Ticks Per Wheel Revolution = Ticks Per Motor Revolution × Gear Ratio
1
For our example hardware, this would be:
845.88 = 28 × 30.21
This means our Arduino needs to count about 846 ticks to know that the wheel has completed one full circle.
Step 2: Writing the RPM Calculation Code
Let’s write the Arduino code to perform this calculation. We’ll build on the encoder-reading sketch from Session 7. The strategy is to measure how many ticks have passed over a fixed time interval and use that rate to calculate the RPM.
Copy the following code into your Arduino IDE. Make sure to change the TICKS_PER_MOTOR_REV
and GEAR_RATIO
values to match the specifications of your motors.
C++
// --- Pin Definitions for Front-Left Encoder ---
#define ENCODER_A 21 // Must be an interrupt pin
#define ENCODER_B 20 // Must be an interrupt pin
// --- Hardware Constants ---
// CHANGE THESE VALUES TO MATCH YOUR MOTOR AND GEARBOX
const float TICKS_PER_MOTOR_REV = 28.0;
const float GEAR_RATIO = 30.21;
const float TICKS_PER_WHEEL_REV = TICKS_PER_MOTOR_REV * GEAR_RATIO;
// A 'volatile' variable can be changed by an interrupt
volatile long encoder_ticks = 0;
// Variables for RPM calculation
long previous_ticks = 0;
unsigned long previous_time_us = 0;
float motor_rpm = 0.0;
// Interrupt Service Routine (ISR)
void readEncoder() {
// Read the state of the other encoder pin to determine direction
int b = digitalRead(ENCODER_B);
if (b > 0) {
encoder_ticks++;
} else {
encoder_ticks--;
}
}
void setup() {
Serial.begin(115200); // Use a faster baud rate for more data
Serial.println("RPM Calculator");
pinMode(ENCODER_A, INPUT_PULLUP);
pinMode(ENCODER_B, INPUT_PULLUP);
attachInterrupt(digitalPinToInterrupt(ENCODER_A), readEncoder, CHANGE);
previous_time_us = micros();
}
void loop() {
// Calculate RPM every 100 milliseconds
if (micros() - previous_time_us >= 100000) {
// --- RPM Calculation ---
// 1. Get the current tick count and time
long current_ticks = encoder_ticks;
unsigned long current_time_us = micros();
// 2. Calculate the change in ticks and time
long delta_ticks = current_ticks - previous_ticks;
unsigned long delta_time_us = current_time_us - previous_time_us;
// 3. Calculate ticks per second
// (delta_ticks / delta_time_us) gives ticks per microsecond.
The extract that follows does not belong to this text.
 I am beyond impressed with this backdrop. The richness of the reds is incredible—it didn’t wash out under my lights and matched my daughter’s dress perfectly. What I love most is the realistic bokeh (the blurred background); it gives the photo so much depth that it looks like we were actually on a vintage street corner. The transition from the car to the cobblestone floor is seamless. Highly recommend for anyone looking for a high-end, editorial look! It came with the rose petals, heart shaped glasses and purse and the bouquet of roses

// Multiply by 1,000,000 to get ticks per second.
float ticks_per_second = (float)delta_ticks / (float)delta_time_us * 1000000.0;
// 4. Calculate revolutions per minute (RPM)
// (ticks_per_second / TICKS_PER_WHEEL_REV) gives revolutions per second.
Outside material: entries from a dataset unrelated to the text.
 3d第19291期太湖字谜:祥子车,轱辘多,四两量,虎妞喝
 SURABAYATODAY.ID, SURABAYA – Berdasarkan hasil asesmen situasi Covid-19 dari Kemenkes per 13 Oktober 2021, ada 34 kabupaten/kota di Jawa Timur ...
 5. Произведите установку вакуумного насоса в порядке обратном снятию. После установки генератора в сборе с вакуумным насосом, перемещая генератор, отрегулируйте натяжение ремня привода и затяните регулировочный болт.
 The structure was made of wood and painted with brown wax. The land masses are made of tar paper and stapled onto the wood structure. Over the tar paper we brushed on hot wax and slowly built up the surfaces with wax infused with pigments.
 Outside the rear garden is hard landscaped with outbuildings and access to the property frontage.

// Multiply by 60 to get revolutions per minute.
motor_rpm = (ticks_per_second / TICKS_PER_WHEEL_REV) * 60.0;
// --- Update state for the next calculation ---
previous_ticks = current_ticks;
previous_time_us = current_time_us;
// Print the calculated RPM
Serial.print("RPM: ");
Serial.println(motor_rpm);
}
}
Step 3: Testing and Verification
Upload this code to your robot. Open the Serial Monitor (Tools > Serial Monitor
) and make sure the baud rate is set to 115200.
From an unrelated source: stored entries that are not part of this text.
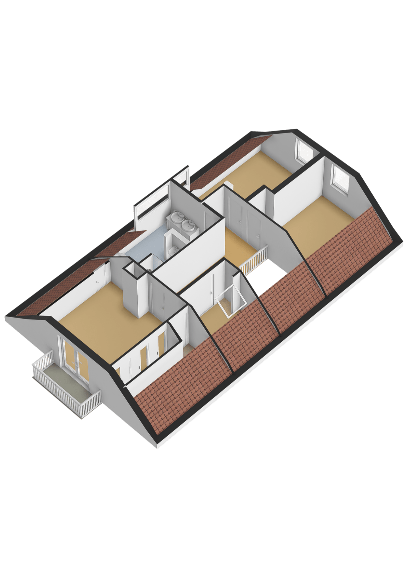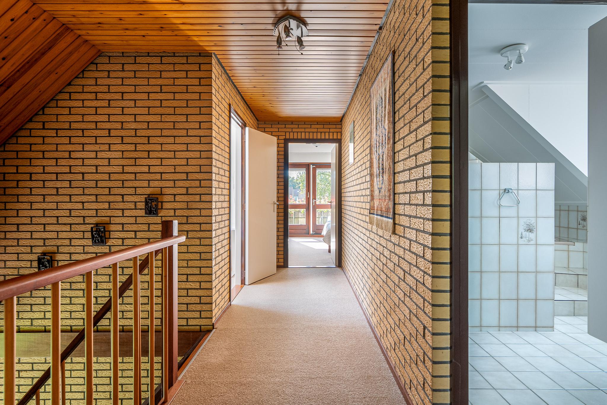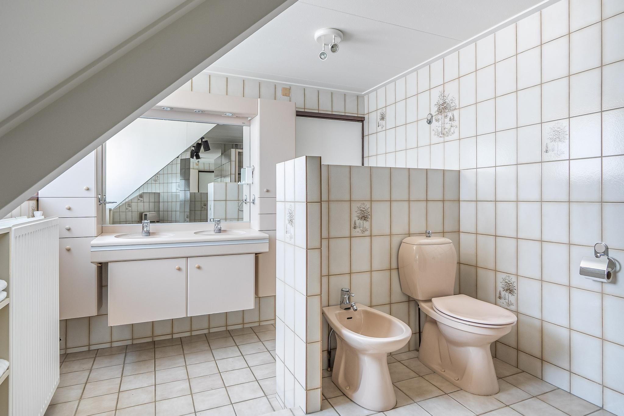 1e verdieping: bereikbaar via trap in de gang. Ruime verdieping met vide, vier slaapkamers van respectievelijk 6,5m2, 11m2, 14m² en 17m², de kleinste slaapkamer zou ook als kantoor kunnen worden gebruikt en de slaapkamer aan de voorzijde is voorzien van bergkast en balkon. Tweede badkamer voorzien van toilet, bidet, ligbad, douche en dubbele wastafel.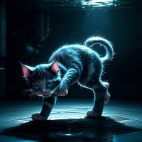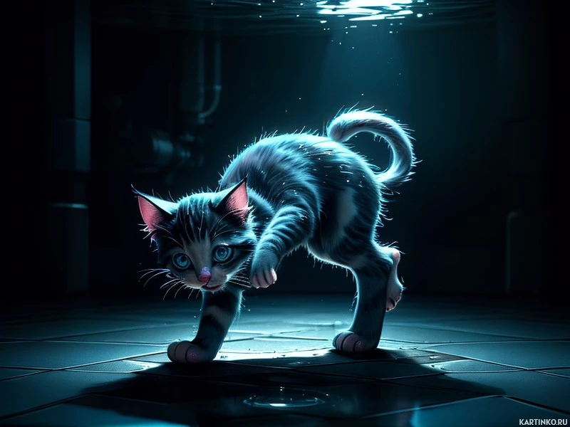 striped coat. The cat appears to be on a wet floor with a reflective surface that suggests it might be underwater or in a well-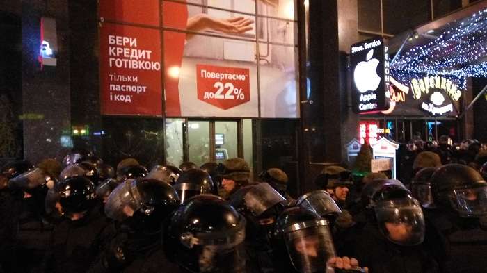 В столице снова беспорядки и столкновения: представители Добровольческого движения ОУН под руководством своего лидера Николая Коханивского громили Альфа-банк. Позже они были участниками столкновения с правоохранителями.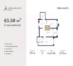 Продается 2-комн. квартира в ЖК "Айвазовский City" на 4 этаже. Квартира без отделки, полностью готова к чистовой отделке и дальнейшему ремонту. Общая площадь: 63.58 кв.м., жилая: 26.79 кв.м., площадь просторной кухни-столовой: 16.67 кв.м. Угловая квартира, очень светлая, естественная вентиляция при открытии окон. В квартире одна лоджия, два совмещенных санузла. Высота потолков 2.72 м.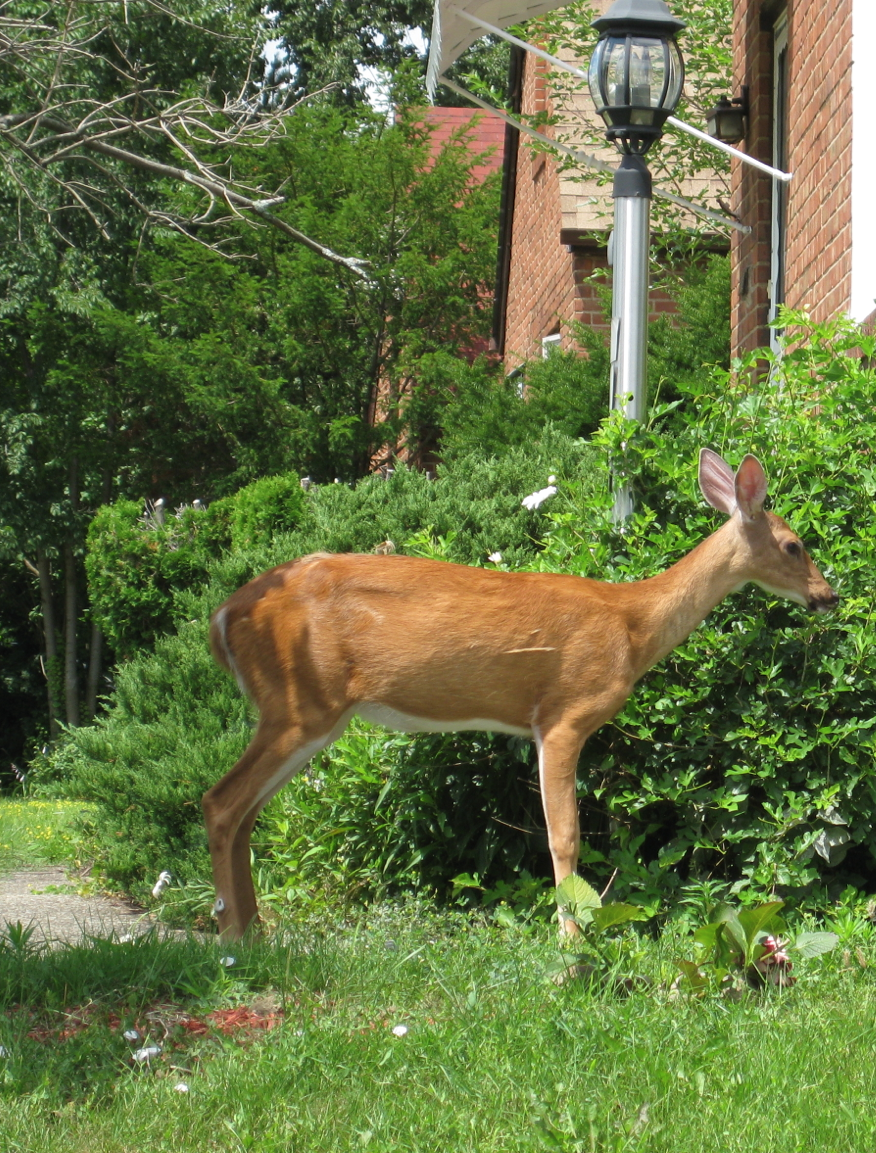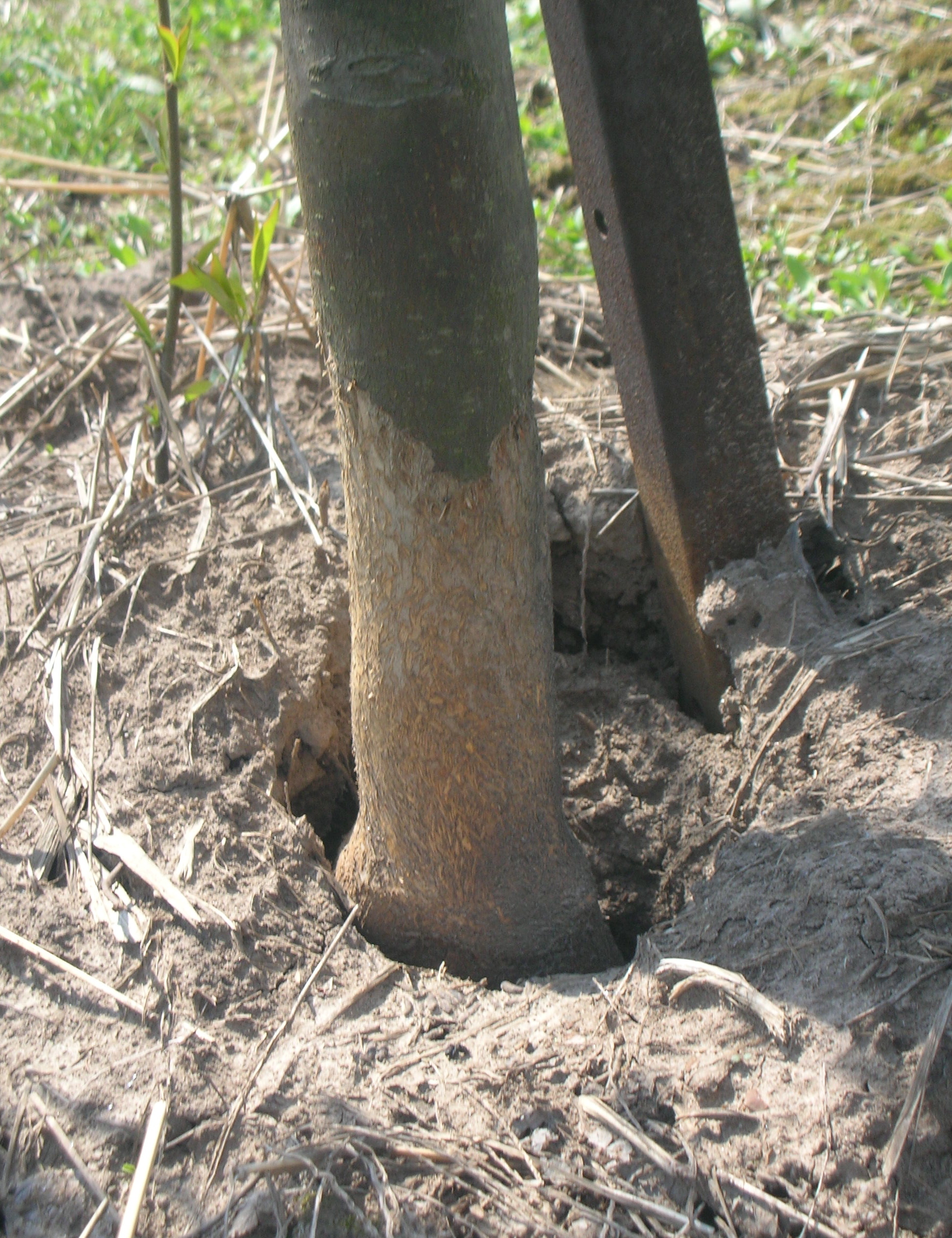 Use fencing or tree guards to protect susceptible trees from destructive animals. Avoid tight fitting guards because they can increase damage caused by boring insects and canker pathogens. Products containing putrescent egg solids are effective in repelling deer for a short time but should not be used where people may be exposed to the terrible smell. Remove weeds and keep grass mowed low; this limits hiding places for small animals and a food source for deer. Maintain mulch levels at 2-3 inches and avoid excessive mulch levels and volcano mulching which provides habitat for rodents.

Now, spin the front-left wheel by hand. You should see the RPM value printed to the monitor.
- Spin it slowly, and you should see a low RPM value.
- Spin it quickly, and the RPM value should increase.
- Spin it in the opposite direction, and you should see a negative RPM value.
This confirms our logic is working! The robot can now quantify its own speed. Measuring over a fixed interval (like the 100ms in our code) helps to smooth out the readings and avoid noisy data that can result from measuring over very short time periods. 3
What’s Next?
This session was the final, crucial piece of the puzzle. We now have everything we need for a true closed-loop system:
- A Goal: We can define a target speed, like
target_rpm = 100.0;
- A Measurement: Our code now calculates the
actual_rpm
. - The Error: We can find the difference:
error = target_rpm - actual_rpm;
This error signal is the fuel for our PID controller. In our next session, we will finally combine the theory from Session 3 with the practical code from the last few sessions. We will write the full PID control loop that takes this error and automatically adjusts the motor’s power to make it hit and maintain our target speed, no matter the disturbances. It’s time to close the loop.